Dataset items:

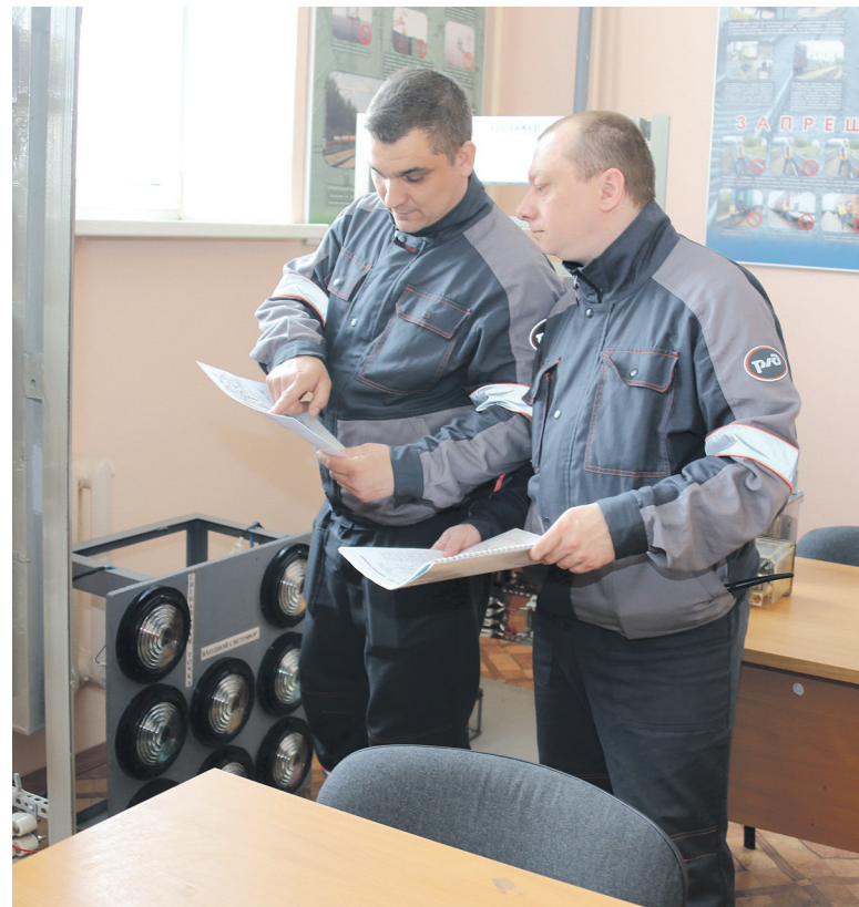
УЛОТ из первых рук получают информацию о том, что происходит на предприятии

Во-вторых, они имеют не только обязанности, но и права и гарантии своей деятельности. В соответствии с тем же Положением об уполномоченном (доверенном) лице по охране труда РОСПРОФЖЕЛ их можно
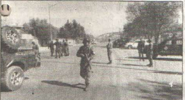
হামলার ঘটনার পরপরই বেসরকারি এই টেলিভিশন চ্যানেল এলাকায় পুলিশের সতর্ক অবস্থান।
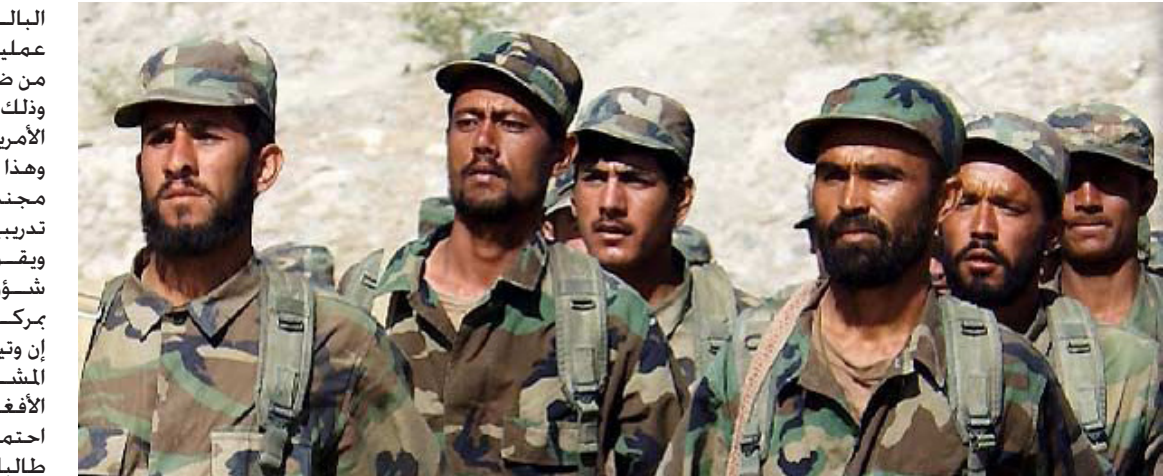
عناصر من الجيش الأفغاني

البالغ نحو 170 ألف جندي بسبب عمليات الهروب من الخدمة وما يسقط من ضحايا وانخفاض معدلات التجنيد وذلك وفقا لراقام التي نشرها الجيش الأمريكي في الشهر الماضي. وهذا معناه أن ثلث الجيش يتكون من مجندين جدد تخرجوا لتوهم من دورة تدريبية استمرت ثلاثة أشهر. ويقول مايكل كوجلمان الباحث في شؤون جنوب آسيا وجنوب شرقها بمرکز وودرو ويلسون الدولي للباحثين إن وتيرة تغيير الأفراد واحدة من أخطر المشاكل التي تواجهها قوات الأمن الأفغانية. وأضاف أن هذه المشكلة تزيد احتمال عجز القوات الافغانية عن صد طالبان عندما تخرج القوات الأمريكية بالكامل من البلاد. وعندما تولى الجيش الأفغاني جميع العمليات القتالية بالكامل في 2015 للمرة الأولى منذ الإطاحة بطالبان زادت الخسائر البشرية بنسبة 26 في المئة وفقا لما ذكره ضابط في حلف
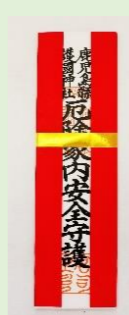
④ 家内安全厄除札 (縦 22.5 cm、横 6.3 cm)
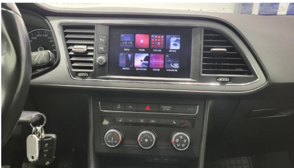
Fot. 29. Konsola środkowa
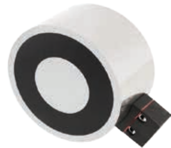
Ausführung B 2-poliger Klemm- anschluss
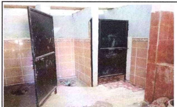
Foto 4: 6 PISO 6.8 Sustitución de piso cerámico 13 SUSTITUCION DE AZULEJO 13.1 Sustitución de azulejo
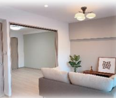
家族でくつろげるリビング
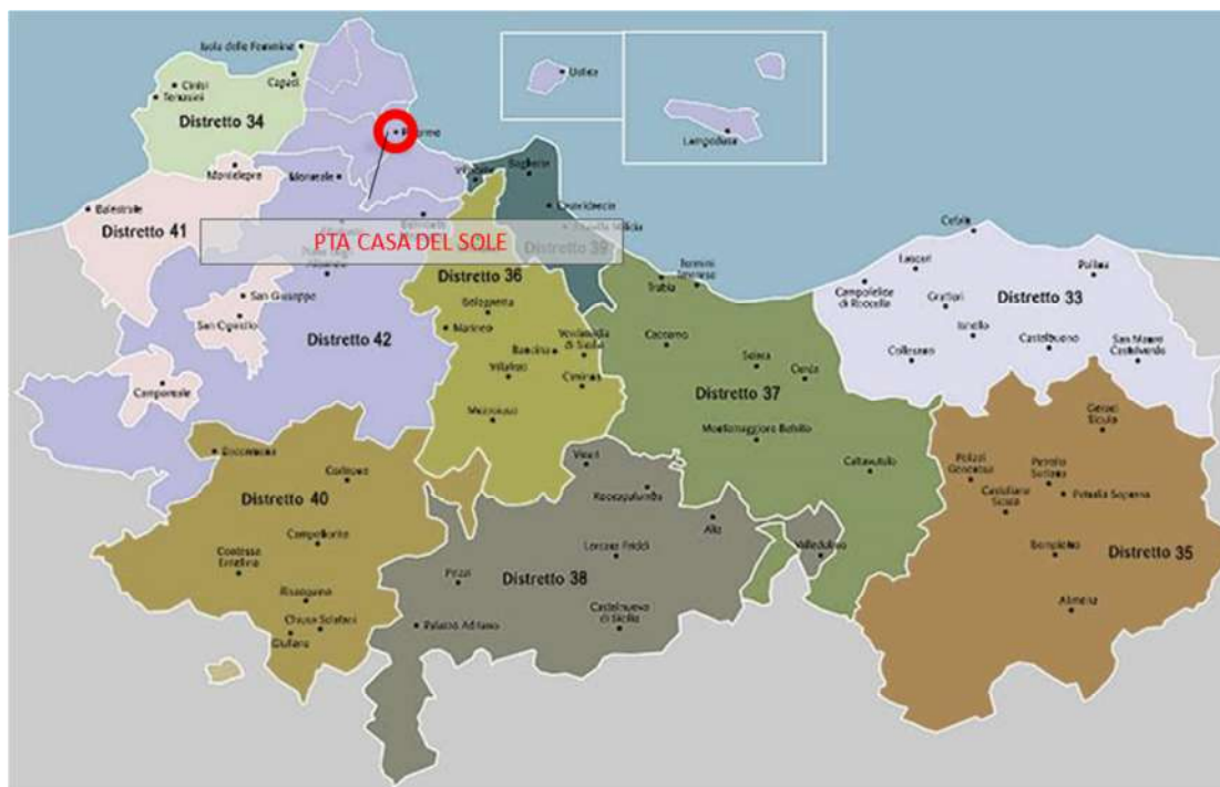
Mappa dei distretti sociosanitari compresi nell'ASP 6 di Palermo

Il PTA Casa del Sole è sito in Via Sarullo, 19, 90135 Palermo, appartenente al distretto sanitario 42 – Palermo
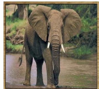
ELEFANTE 624 DIAS
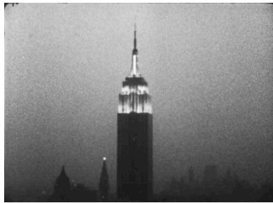
Andy Warhol, Empire , 1964, film 16 mm, 8h05, archives Warhol

Un petit port sur la côte ouest de l'Écosse
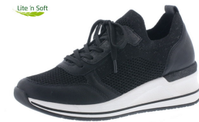
D3208-01 - v schwarz/schwarz-spark/graj Eagle/Knitup123/Olymp G lose Einlage SoftFoam 35-42 003085 / 74.95 EUR
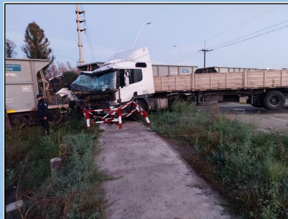
Figura 1. Daños estructurales sobre el camión y el laberinto peatonal. Fuente: enteriosya.com.ar , 19 de agosto de 2023
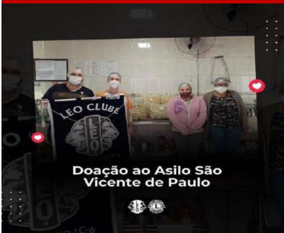
Doação ao Asilo São Vicente de Paulo
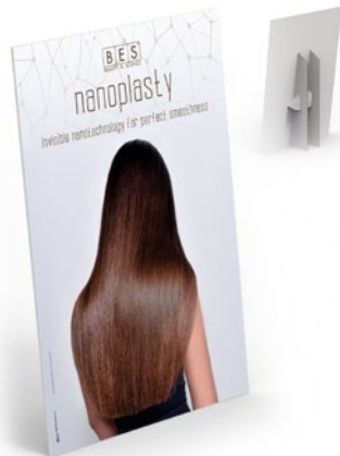
NANOPLASTY PADLÓDISPLAY 70 cm x 35 cm x 100 cm (magasság)
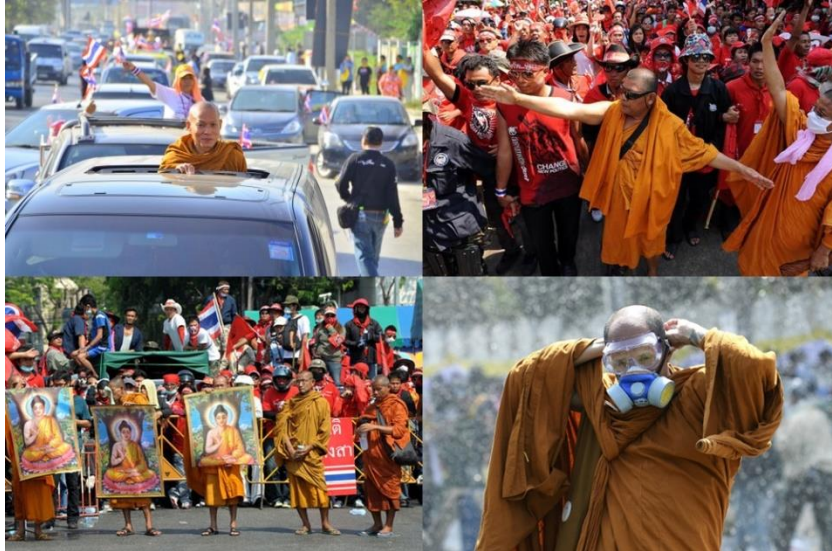
ภาพประกอบ 4 พระสงฆ์กับการมีส่วนร่วมทางการเมืองในอดีต ในฐานะมีส่วนร่วมทางความคิด ชี้นำ และ เป็นผู้นำในการเข้าร่วมชุมนุมทางการเมือง
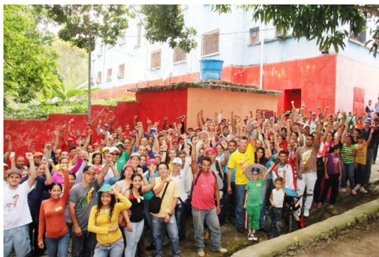
Se demostró que Agrotrujillo es un verdadero equipo.

Esta gestión de recuperación contribuirá a la Ofensiva Económica en el marco de la producción agrícola para garantizar la Soberanía Agroalimentaria. Agrotrujillo también donó a esta institución kits deportivos.

• _Your objective_: Copy every line of the records above that contains "Agrotrujillo".

• _Your response_:
Se demostró que Agrotrujillo es un verdadero equipo.
Esta gestión de recuperación contribuirá a la Ofensiva Económica en el marco de la producción agrícola para garantizar la Soberanía Agroalimentaria. Agrotrujillo también donó a esta institución kits deportivos.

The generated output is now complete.